Should be fixed, let me know what it does for you.

mlissner · 2020-06-09T06:43:49Z

courts_db/data/courts.json

@@ -17440,7 +17426,7 @@
            }
        ],
        "name": "Decisions of the Federal Communications Commission",
-        "level": "",
+        "level": null,


This is philosophical, but generally I follow Django's approach to empty strings, which is:

In most cases, it’s redundant to have two possible values for “no data;” the Django convention is to use the empty string, not NULL.

(https://docs.djangoproject.com/en/3.0/ref/models/fields/#django.db.models.Field.null)

I've argued about it before, but I think the convention makes enough sense that it's worth it just to be consistent throughout FLP. I guess I'd listen to opposing views, but I usually appreciate knowing that strings with no value are "" instead of either null or "".

Something tells me courts-db is already using null in this way though....hrm. If that's the case, I feel ambivalent about changing all of courts-db to use "" instead of null, though I still kind of feel like it'd be worth it.

Oof...I'm not well acquainted with Django-land, but that seems like a really weird convention. To me, empty string means empty string, not absence of data. How does that even really help? You're just doing a different check (if x == "" instead of if x is None).

In any event, for the level element here, it is constrained by an enum so you would never have to guess whether you're getting an empty string or a null. The enum in the schema tells you only one of those is valid. See: https://github.com/freelawproject/courts-db/pull/10/files#diff-11aaec965ced488b7af5aa03d35c580dR32-R43

Courts-DB was in fact using a lot of empty strings, but I changed them to nulls in a7297bc.

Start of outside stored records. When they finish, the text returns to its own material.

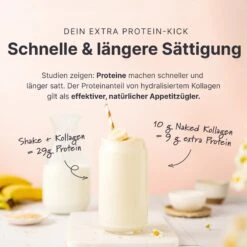 FĂŒgst Du tĂ€glich 10 g Naked Kollagen in einen Deiner Shakes hat dieser ca. 30 g Protein. Protein gilt als effektiver, natĂŒrlicher AppetitzĂŒgler. Verschiedene klinische Studien (2,3) haben die sĂ€ttigende Wirkung zur Förderung der Gewichtsabnahme nachgewiesen. Ersetzt Du tĂ€glich eine zweite Mahlzeit mit einem Balance Shake ohne Kollagen, hast Du einiges an Kalorien eingespart, die Dir zu einem gesunden Gewichtsverlust verhelfen.
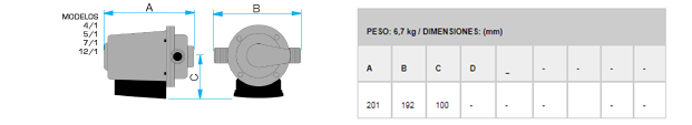 Pérdida de carga máxima en succión: 4 m.c.a.
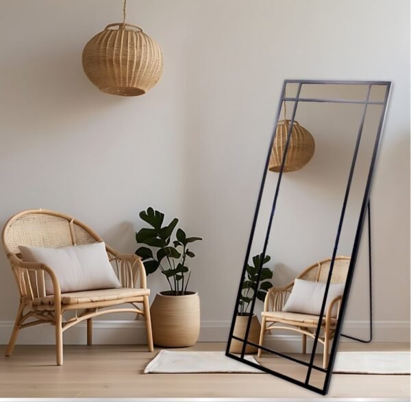 מראת חלון שחורה עם מעמד רצפתי מובנה או אפשרות לתלייה מה שתראו לנכון

In any event, for the level element here, it is constrained by an enum so you would never have to guess whether you're getting an empty string or a null

That assumes you remember that there's a schema and what's in it. The nice thing about sticking with the convention is that you always know that "no data" is "", no matter where you are in the code base.

You're just doing a different check (if x == "" instead of if x is None)

In Django, you can almost always do x == "" precisely because the convention is there. Without it, you have to do x == "" or x is None, because "no data" can have multiple values.

If I win you over a bit, let's switch it back. If you feel like I'm wrong, and see no value in Django's approach, very well.

mlissner · 2020-06-10T00:01:28Z

I also just noticed that black is failing you. You should be able to install it pretty easily, and then once you have it, you just do black . in your code directory, and it should do the right thing.

anseljh · 2020-06-13T02:21:31Z

Tests are all green now, which is weird because I expected the validation test to fail with something like this because of #8:

AssertionError: JSON failed validation against schema: 'non-trial' is not one of [None, 'ag', 'appellate', 'bankruptcy', 'international', 'special', 'trial']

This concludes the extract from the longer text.